The expansion of the public mental health care system in France

The expansion of the public mental health care system in France

Interview with Isabel Perera (Cornell University)
  • Actualité Sciences PoActualité Sciences Po

Isabel M. Perera is an Assistant Professor of Government at Cornell University. Her studies focus on the way politics shape social policies, labor markets, and overall economies of affluent democracies, focusing on the United States and Western Europe. During the month of June 2023, she was a visiting scholar within LIEPP’s Health Policies research group and conducted a seminar on The Welfare Workforce: Trade Unions and Mental Health Care in France.


  • Your current work focuses on the expansion of the public mental health care system in France during the 20th century. How did this service expand?

There was enormous pressure to reduce public mental health care during the late 20 th century. Part of this pressure came from the movement to “de-institutionalize” people with mental illness out of hospitals and promote their social inclusion. These efforts had good intentions. They aimed to reduce psychiatry’s reliance on hospitals – but deinstitutionalization soon became an excuse of cash-strapped governments to cut spending on mental health care entirely. While all Western countries managed to de-populate mental hospitals this way, only a few were able to expand the non-hospital, community-based services that the deinstitutionalization movement saw as its ultimate goal. That’s where the French case comes in. “La voie française” of deinstitutionalization was different from that of most other countries. France managed to de-populate mental hospitals; but not close them wholesale. Rather, France was one of those few countries to expand non-hospital, publicly funded mental health care, precisely as deinstitutionalization was underway.

While researching French deinstitutionalization, I found that the trade unions representing mental hospitals and related services played an important role in advocating for expansion. They wanted to protect their jobs! What made these unions especially influential, I think, was that they represented a broad coalition of workers across the occupational strata: doctors, nurses, attendants -- and, importantly, service administrators and managers, who often have direct access to policy-makers as their advisees. This coalition lasted for several decades and benefited from several key moments in French political history (e.g., the public employment expansions following May 1968 and Mitterand’s policy settlements of the 1980s). By the late 20 th century, they had managed to increase their job security and, in doing so, expand the mental heath system.

  • What results did this expansion have?

The expansion of French mental health care has led to the “sectorization” system, which seeks to provide a wide variety of public mental health care services (hospital and non-hospital) to geographic catchment areas across the entire territory. The result is a fairly large public mental health care system. Although the system has faced renewed attempts to cut spending in recent years, it remains larger and more comprehensive than those of many other countries.

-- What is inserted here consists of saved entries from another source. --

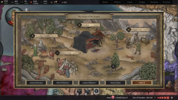 - Der Familienbesitz: Leite und verwalte ein mächtiges Familiengut, den Sitz der Macht deines Hauses, auch wenn du kein anderes Land besitzt. Baue neue Gebäude und Upgrades, um deine Macht und deinen Einfluss in einem Verwaltungsimperium zu vergrößern.
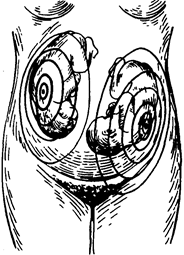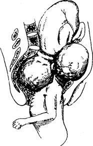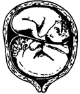8. Очень редким и чрезвычайно тяжелым осложнением является одновременное вступление в таз головок обоих близнецов, при котором возникает так называемая коллюзия, или сцепление близнецов
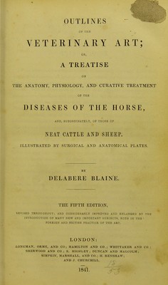 Outlines of the veterinary art, or, A treatise on the anatomy, physiology, and curative treatment of the diseases of the horse ; and subordinately, of those of neat cattle and sheep : illustrated by surgical and anatomical plates / Delabere Blaine.

  • When it comes to the implementation of public policies, how can worker advocacy make a difference?

Where public policies concern public services, they also concern public employees. These workers often are keen to protect these services, especially given tight labor market conditions. Jobs in the public sector are among the most secure and stable in today’s economy. Government workers would like to keep things that way, so they try to increase public funding revenues and bargain for additional job protections.

The spillover effects produce a feedback cycle: in the long run, public sector trade unions work to secure public jobs, which in turn secure public services, ultimately feeding resources back into public unions and empowering them further.

However, this mutually reinforcing feedback cycle is not always morally desirable. Sometimes, public unions can defend services that expand state surveillance or repression beyond what is ethically appropriate (especially an issue in policy or carceral services); or they simply defend services that the public may no longer deem as necessary (e.g., postal work in the digital era). It is important to be sensitive to these risks, particularly since workers have an outsized effect on service provision when client groups lack the political power to demand them (or not) on their own. But in many other cases, public sector trade unions are critical to the maintenance and expansion of valuable public services, such as health care and education.

  • During the month of June 2023, you were a visiting scholar at LIEPP. How was your experience?

LIEPP is a wonderful place to work. I especially benefited from the rich expertise of the health policies research group, which provided excellent feedback on my research project. At the same time, I also was able to learn from scholars from the other research groups. This exposure allowed me to both broaden my knowledge of area specialties outside my own while thinking more about our shared theoretical frameworks. Moreover, I very much appreciate LIEPP’s ability to translate top academic research into practice. In my view, this is exactly the task of the policy scholar – but it can be very difficult to do well. Too often, we limit our work to paywalled academic journals and or closed academic conferences. LIEPP, with its emphasis on both Working Papers and Policy Briefs, shows us how to bridge the divide between theory and practice.